Jørgen Ryhl Bineau enlisted in the Royal Norwegian Air Force in 'Little Noway' during the Second World War. He was killed in action on 5 April 1945, shortly before the war ended.
Jørgen Ryhl Binau (or Bineau) was born on 1 April 1921. He was the son of cigar merchant Emil Frantz Leopold Binau and Marie Vilhelmine Frederikke Binau (née Ryhl). Bineau went to middle school in Bagsværd from 1933-1937. He continued his education at the business college in Copenhagen the following year, while working as an office clerk at the same time.

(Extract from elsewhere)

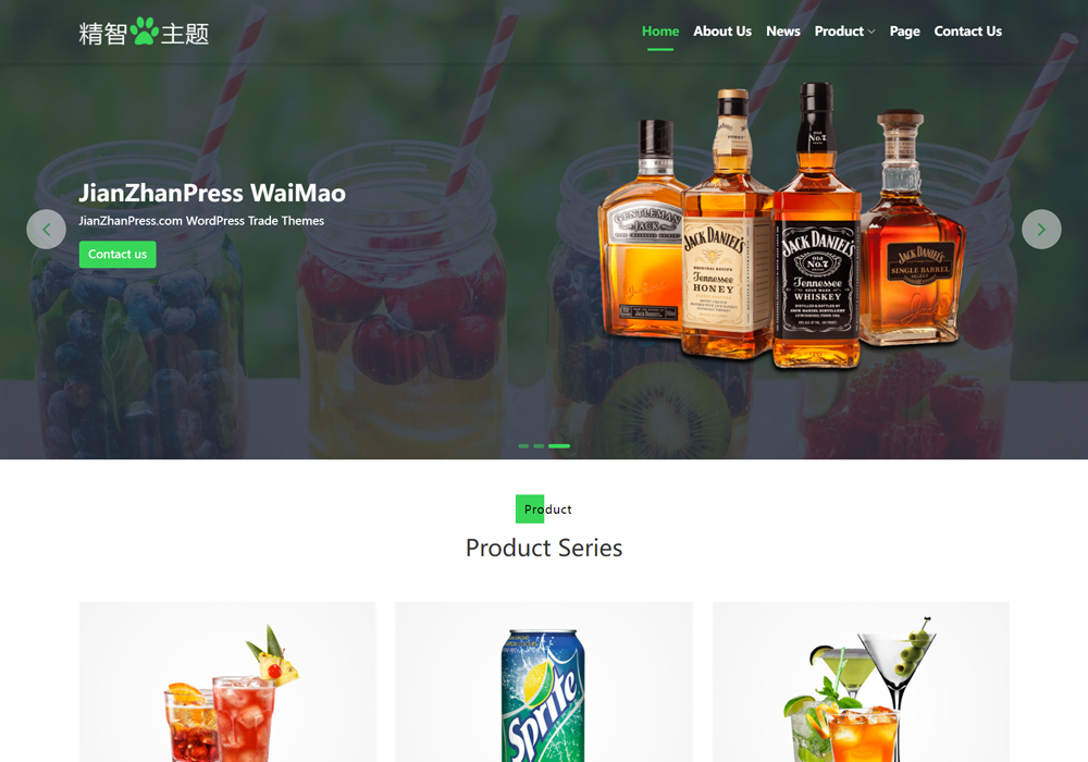 绿色、橙色、深蓝色搭配的wordpress外贸跨境主题,适合外贸公司或生产厂家官方网站使用。

In 1938, Bineau shipped on a merchant vessel, and he remained at sea for the following three years. On 9 April 1940, the day of the German invasion of Denmark, he was onboard SS Sicilien, which had arrived in New York the day before. The vessel was requisitioned by the U.S. War Shipping Administration in mid-1941 and sunk by a German U-Boat (U-172) on 7 June 1942 in the waters near Haiti. By that time, however, Bineau had long left the ship. On 27 May 1940, he had shipped on Esso Balboa, and on 28 December 1940 he shipped on the Swedish vessel M/S Chile (1937). He discharged from the ship on 4 July 1941 in New York. He travelled to Canada to join the Norwegian Air Force.
Royal Norwegian Air Force
Bineau was accepted for Norwegian service on 13 September 1941. He was trained as wireless operation mechanic, initially, but was later remustered as wireless operator and air gunner.

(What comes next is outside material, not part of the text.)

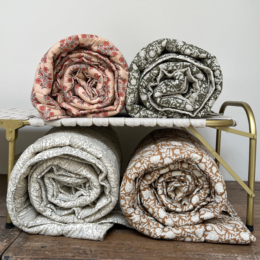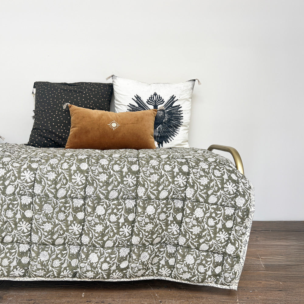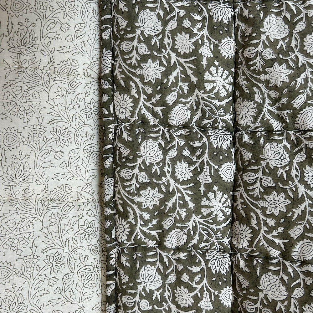 Cotton quilt 220 x 240 cm - hand-printed with a wooden block in India.

He was transferred to England on 2 July 1943 and received further training at various radio schools (1 RS, RAF Cranwell, 11 RS, RAF Little Sutton, and 10 RS, RAF Carew Cheriton). On 31 May 1944, he was posted to 4 OTU at RAF Alness for operational training prior to squadron posting. He was posted to 330 Squadron on 13 July 1944. In 1944, when Bineau joined, the squadron operated Sunderlands out of Sollum Voe on the Shetland Islands.

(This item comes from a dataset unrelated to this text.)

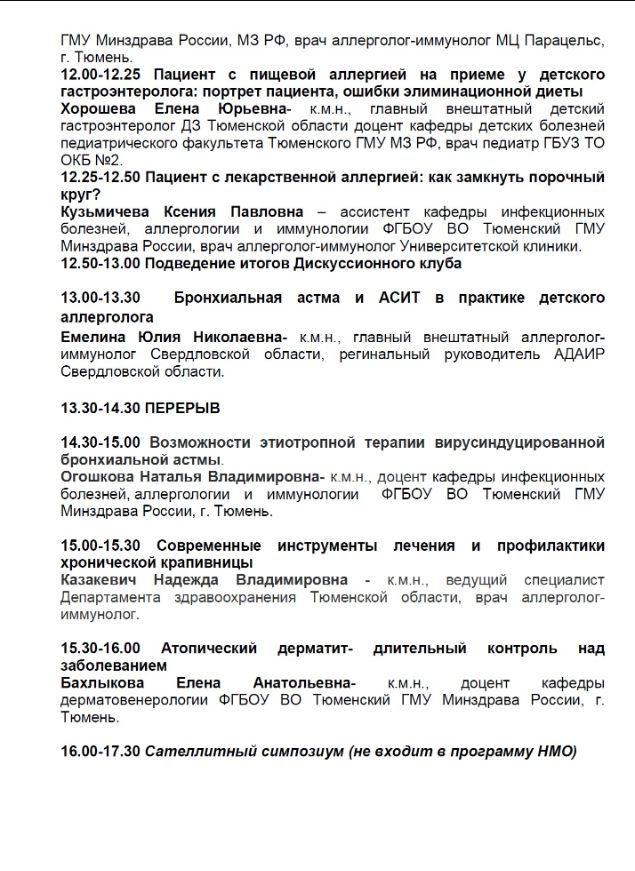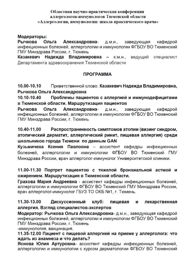 Областная научно-практическая конференция аллергологов-иммунологов Тюменской области «Аллергология, иммунология: школа практического врача» |

Another two Danish aircrew were serving at the squadron at this point. Sgt Erling Qvistgaard Hansen had been posted to the squadron in May 1942 and served in the squadron until he was posted to HQ RNAF in London on 20 August 1944. Hansen returned to operational service in the squadron in 1945. Sgt Kaj Alfred Green had been posted to the squadron on on 17 June 1944. This squadron was one of two Norwegian squadrons in Coastal Command, and had been established on Iceland in 1941.
Bineau became part of 2Lt Naustdal’s crew, carrying out his first operation, an uneventful anti-submarine patrol, on 13 July. He was part of this crew until March 1945.
Five days later, on 18 July, the crew sighted a U-boat while on patrol, but it submerged before they were able to attack. About two months later, on 20 September, Bineau’s crew were on a patrol close to the Norwegian coast, experiencing flak from Sula and Utvær. Here they sighted a Dornier Do 24 and a Bf 110, both on a southerly course. The enemy aircraft turned to attack and fired short bursts at long range. The crew did not return fire, but turned west for cloud cover. Soon afterwards, off Bremangerlandet in Norway, they sighted a Ju 88 and took cloud cover again, returning to base. The following months, Bineau took part in nearly forty operational sorties, mainly patrol missions.
On 5 March 1945, Bineau took off on his last patrol as part of Naustdal’s crew. On this occasion, Hansen was part of the crew as well; the operation was Hansen’s first since returning to operational flying duties, and the only operation in which they both participated.
The Last Operation
On 5 April 1945, Sunderland Mk. III V/330 (PP140) was airborne from Sullom Voe at 1100 hrs, captained by Lt Benum. At 1525 hrs, the base tried to get in touch with the aircraft, but it did not respond. Five minutes later, at 1530 hrs, HQ 18 Group reported that Liberator G/311 had reported seeing a Sunderland crash into the sea. A summary of the report can be seen in the 330 Squadron operational record book.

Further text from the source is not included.